Bexis had been on the road a lot lately – it seems blogging attract speaking engagements – and at both the recent PLAC fall meeting and the ACI’s FDA Boot Camp, speakers discussed the recent Supreme Court decision in FCC v. Fox Television Stations, Inc., 132 S. Ct. 2307 (2012), as having implications for product liability actions involving regulatory allegation claims. We’d particularly like to thank Mike Walsh from Strassburger for sharing his thoughts (and some nice PowerPoint slides) on this issue.
Fox Television is a Due Process case, and the way Due Process intersects with product liability, at least in this context, is whether there are Due Process constraints on plaintiffs ginning up FDA (or, indeed, other federal) regulatory violation claims based on weird interpretations by paid FDA “experts.”
Can you say “parallel violation” claims?
What do we learn from Fox Television? The case involved the regulation of purported “indecency” on television – no, it doesn’t involve Quentin Tarantino movies, but rather a far more serious problem than blood-soaked megadeath. We mean “fleeting expletives.” On prime time, broadcasters can show as much killing as they want, but the actors can’t swear as they get killed (or about anything else). So the FCC has decreed – but not very well, the Supreme Court held.

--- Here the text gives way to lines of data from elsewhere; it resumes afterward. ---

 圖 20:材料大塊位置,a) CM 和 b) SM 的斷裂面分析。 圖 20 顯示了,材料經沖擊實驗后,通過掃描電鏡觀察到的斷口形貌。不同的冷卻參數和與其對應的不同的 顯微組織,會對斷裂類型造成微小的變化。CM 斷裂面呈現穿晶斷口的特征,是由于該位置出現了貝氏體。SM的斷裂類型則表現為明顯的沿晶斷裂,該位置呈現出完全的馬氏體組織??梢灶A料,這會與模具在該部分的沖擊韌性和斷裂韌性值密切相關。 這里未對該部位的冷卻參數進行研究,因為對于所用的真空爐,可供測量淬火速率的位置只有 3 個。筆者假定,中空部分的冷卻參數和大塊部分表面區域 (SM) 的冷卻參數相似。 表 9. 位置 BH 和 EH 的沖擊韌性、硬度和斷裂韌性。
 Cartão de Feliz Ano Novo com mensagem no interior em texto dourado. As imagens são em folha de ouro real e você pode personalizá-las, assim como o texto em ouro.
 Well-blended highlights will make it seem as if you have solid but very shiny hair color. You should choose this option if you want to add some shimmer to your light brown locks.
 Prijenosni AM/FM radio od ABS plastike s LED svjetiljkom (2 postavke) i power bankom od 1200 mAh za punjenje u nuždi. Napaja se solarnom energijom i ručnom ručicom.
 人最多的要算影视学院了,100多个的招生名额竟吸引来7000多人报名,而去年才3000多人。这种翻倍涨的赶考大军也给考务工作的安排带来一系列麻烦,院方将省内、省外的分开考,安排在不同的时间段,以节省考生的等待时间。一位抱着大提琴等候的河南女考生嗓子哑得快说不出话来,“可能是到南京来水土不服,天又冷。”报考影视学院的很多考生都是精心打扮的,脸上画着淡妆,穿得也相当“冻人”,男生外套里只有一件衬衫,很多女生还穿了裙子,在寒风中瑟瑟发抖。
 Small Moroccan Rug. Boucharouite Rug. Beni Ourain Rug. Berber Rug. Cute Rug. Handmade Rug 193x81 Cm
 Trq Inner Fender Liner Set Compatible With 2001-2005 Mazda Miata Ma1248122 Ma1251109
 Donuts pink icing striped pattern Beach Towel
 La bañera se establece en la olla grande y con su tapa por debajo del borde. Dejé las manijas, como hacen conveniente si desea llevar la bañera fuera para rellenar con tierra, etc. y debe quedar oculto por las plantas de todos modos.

The FCC held that an unscripted f-bomb on live TV was a no-no (ditto fleeting nudity (not the Superbowl wardrobe malfunction; that was another case)) and fined the TV networks. This was something of a regulatory flip-flop, so the networks sued alleging that their Due Process rights were violated by the arbitrary and capricious actions of the FCC. The Supreme Court agreed, sort of.